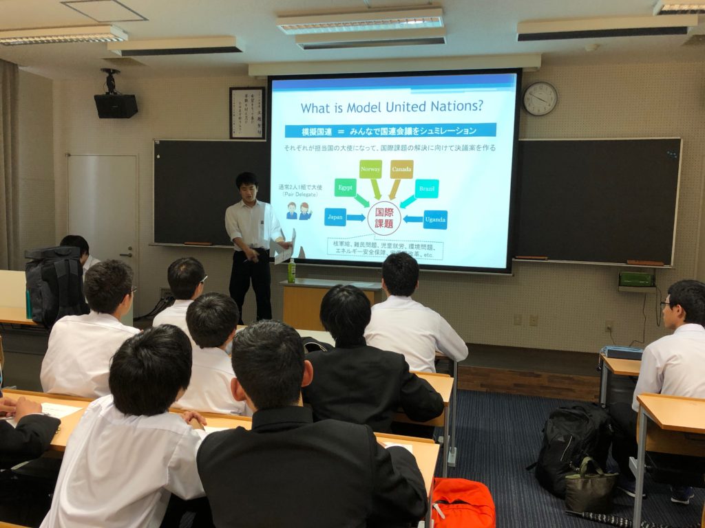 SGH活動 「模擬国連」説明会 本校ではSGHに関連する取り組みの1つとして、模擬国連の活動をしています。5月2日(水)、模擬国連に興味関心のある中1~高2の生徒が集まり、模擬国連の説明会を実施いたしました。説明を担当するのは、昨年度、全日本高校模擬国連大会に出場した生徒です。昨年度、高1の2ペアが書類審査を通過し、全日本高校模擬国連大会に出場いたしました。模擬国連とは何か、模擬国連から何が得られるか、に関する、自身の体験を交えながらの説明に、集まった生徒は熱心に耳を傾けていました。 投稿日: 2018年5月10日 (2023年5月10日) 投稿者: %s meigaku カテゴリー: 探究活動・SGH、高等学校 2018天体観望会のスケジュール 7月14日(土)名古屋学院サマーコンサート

******

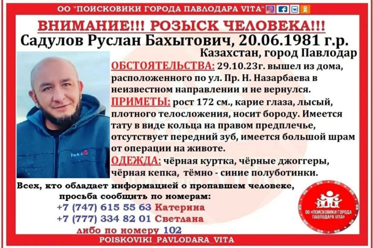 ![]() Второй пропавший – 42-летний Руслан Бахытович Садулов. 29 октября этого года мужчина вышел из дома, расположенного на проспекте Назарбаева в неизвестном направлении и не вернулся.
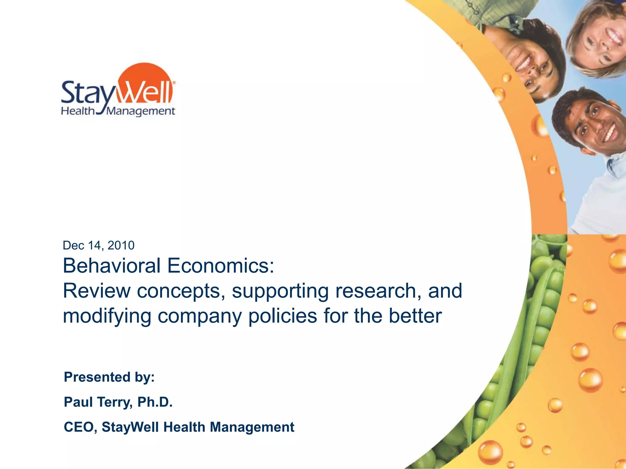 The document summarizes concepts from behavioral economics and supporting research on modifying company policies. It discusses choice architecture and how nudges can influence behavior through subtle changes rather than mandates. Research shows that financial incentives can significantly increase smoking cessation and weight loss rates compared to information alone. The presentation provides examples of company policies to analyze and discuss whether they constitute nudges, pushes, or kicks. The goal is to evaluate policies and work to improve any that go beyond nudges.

******

Task brief:
Reproduce the data above exactly, but only from the line containing "и не вернулся." through the line containing "The document summarizes"; skip the pictures.

Answer below:
 ![]() Второй пропавший – 42-летний Руслан Бахытович Садулов. 29 октября этого года мужчина вышел из дома, расположенного на проспекте Назарбаева в неизвестном направлении и не вернулся.
 The document summarizes concepts from behavioral economics and supporting research on modifying company policies. It discusses choice architecture and how nudges can influence behavior through subtle changes rather than mandates. Research shows that financial incentives can significantly increase smoking cessation and weight loss rates compared to information alone. The presentation provides examples of company policies to analyze and discuss whether they constitute nudges, pushes, or kicks. The goal is to evaluate policies and work to improve any that go beyond nudges.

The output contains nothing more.